Fig. 1
Phase III trial for Japanese population. Box plots of platelet counts of patients who met primary response are shown in this figure. The time to response is around 4–8 weeks after the administration of rituximab
Based on the results in these trials, rituximab is now considered as one of the standard treatment choices for ITP in the guidelines, and medication approval is being processed in Japan.
3 Statements in the National Guidelines
The statement on the use of rituximab for ITP is slightly different between guidelines as below (Table 1).
Table 1
Comparison of guidelines for ITP
International consensus report | ASH | BCSH | Japan | |
---|---|---|---|---|
First line | Corticosteroids IVIG | Corticosteroids IVIG | Corticosteroids IVIG | Corticosteroids |
Second line | Splenectomy | Splenectomy | Splenectomy | Splenectomy |
TPO-R agonists | TPO-R agonists | High-dose steroids | ||
Rituximab | Rituximab | IVIG | ||
Immunosuppressants | Danazol | |||
Danazol | Immunosuppressants | |||
Third line | TPO-R agonists | IFN-α | TPO-R agonists | |
Rituximab | Immunosuppressants | |||
MMF | Rituximab | |||
Plasmapheresis |
In an international consensus report published in 2010, rituximab is listed as one of the second-line treatment options [10]. This report shows no preference for a particular therapy in the second-line options. The American Society of Hematology (ASH) evidence-based practice guideline published in 2011 has similar statements, which suggests rituximab be considered for patients at risk of bleeding who have failed one line of therapy such as corticosteroids, IVIG, or splenectomy (grade 2C) [11].
On the other hand, guidelines for ITP issued by the British Committee for Standards in Haematology (BCSH), General Haematology Task Force in 2003, consider rituximab as one of the third-line treatments, and splenectomy is the second-line treatment. The Japanese reference guide for the treatment of ITP published in 2012 also states rituximab is the third-line treatment since rituximab is not approved in Japan [12].

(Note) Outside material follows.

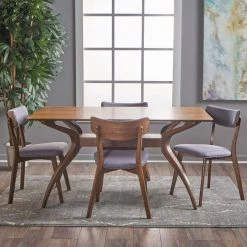 Add the perfect amount of modern to your dining room space. With matching wood finishes and contemporary styling, this set is a must have. The mid-century feel comes to life with both the chairs and the legs of the table. Featuring the ideal amount of modern touches, this set is sure to both please and satisfy in every way.

The difference between guidelines is mainly on whether rituximab can be used before the consideration of splenectomy. In fact, there has been no randomized trial to compare the efficacy of splenectomy versus rituximab as a second-line therapy, and therefore choosing an appropriate option is challenging. The response rates with splenectomy are generally reported to be higher and more durable than with rituximab, while many clinicians and patients prefer to avoid splenectomy since a late spontaneous remission can occur, and splenectomy is relatively invasive. We need to balance the risks and benefits of these options on a case-by-case basis.
4 How to Use Rituximab
Most of the studies explained above administered rituximab doses of 375 mg/m2 IV weekly for 4 weeks. This is considered as the “standard” dose, though at the current time the best regimen of rituximab for ITP patients is yet unknown. Lower doses (100 mg IV weekly for 4 weeks) may also be effective, although associated with a longer time to response [13]. Due to the potential toxicity and expense of this medication, further studies are required to determine the optimal dose.